To me, creative graffiti has more heat, more intensity, more attitude and character.
I'm glad you told me how you receive the work--as "loopy and strangely restful". Excellent description.
And certainly I can acknowledge this experience. Thank you for opening up my mind.
@Anita: Thank you for sharing this. Formlessness indeed can be beautiful. As in water.
@Joey: Your response was pitch-perfect to my ears. Thank you. I agree.
You know, I'm not an art student. I never was. I studied literature and literary criticism. Literary critics do the exact same thing.
Coming from a younger generation, I would like to see a language, and a particular manner of discussing art, literature, and culture, that is not limited to a select few. I do not like the idea that only certain people can hold the meaning of an object in culture.
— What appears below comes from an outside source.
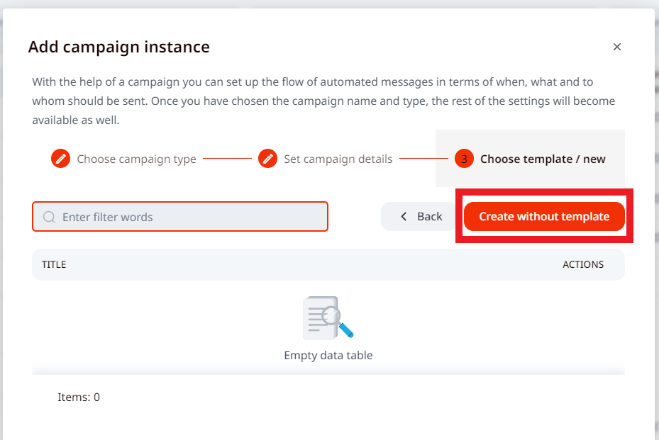 4. Choose a template for the campaign if you have any, if not, select Create without a template
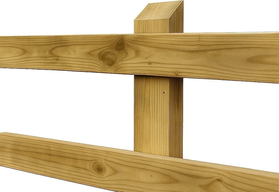 Dit is de meest gebruikte afstand bij houten weideomheiningen: stevig genoeg om de liggers perfect te ondersteunen en tegelijk economisch in materiaalgebruik.

I understand the difference between critical judgment and non-critical judgment. I believe intelligence and the ability to articulate one's thoughts and feelings is all that is necessary to distinguish the two. To make a critical judgment, to discuss a cultural topic, one should not have to rely on the guarded terminology, references, and phrases of elite or specialized discourses. We all have our frames of reference, we all have our contexts of understanding art, literature, and culture. Why is one context privileged over another?
But I think democratic language is possible, at least within a given culture. Why should we let language be further fragmented into tiny sub discourses, and sub sub discourses. After a certain point, only two people can understand each other, and then not even that!
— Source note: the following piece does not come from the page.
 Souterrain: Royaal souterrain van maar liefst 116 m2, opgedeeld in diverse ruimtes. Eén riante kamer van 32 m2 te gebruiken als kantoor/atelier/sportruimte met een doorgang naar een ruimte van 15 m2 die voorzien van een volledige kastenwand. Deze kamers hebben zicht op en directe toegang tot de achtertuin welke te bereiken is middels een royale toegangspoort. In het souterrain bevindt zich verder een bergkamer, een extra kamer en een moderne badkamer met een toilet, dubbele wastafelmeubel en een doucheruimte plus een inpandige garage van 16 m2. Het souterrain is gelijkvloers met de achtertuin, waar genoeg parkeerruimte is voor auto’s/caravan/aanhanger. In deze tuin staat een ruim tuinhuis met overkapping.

Art critics, literary critics, historians, scholars, are cocooned within their own vocabularies; I would like to democratize language. So everyone can talk about art, culture, and literature.
@Peter: My pleasure . . .
@Villa: I thank you for this story. I would not like to admit it but the more I looked at Marden, the more I opened up to the possibility of feeling slightly differently toward these works. But I do not want to exaggerate this; it was no great shift from my initial impression. I simply became more sympathetic to the works.
You describe something that happens a lot in life. Such as when you first meet someone who you can't stand; the next thing you know they're your best friend.
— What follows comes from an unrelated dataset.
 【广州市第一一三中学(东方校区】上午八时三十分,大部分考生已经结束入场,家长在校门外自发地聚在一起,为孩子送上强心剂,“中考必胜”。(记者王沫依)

I'm open to a change of heart on anything. This happens in life, and to refuse to acknowledge change, is to be a fundamentalist. We change our ideas, our views, and our feelings constantly change. I embrace contradiction as Whitman once said.
@Jamie: Like with Editorial Joe, your response was pitch-perfect to my ears. Maybe it's a generational thing. I don't know. But I hear you!
@Mark: You're an outstanding writer. You understand art on many levels. But I'm going to have to disagree with you about the question of difficulty.
Yes, ballet is difficult, writing novels is difficult. I'm not arguing about whether what Marden does is difficult or not. Having watched the Charlie Rose interview, I'm aware of the complicated process behind Marden's paintings.
But that's like saying because a novel is a thousand pages long, and caused the author great strain to produce, then the novel itself is great.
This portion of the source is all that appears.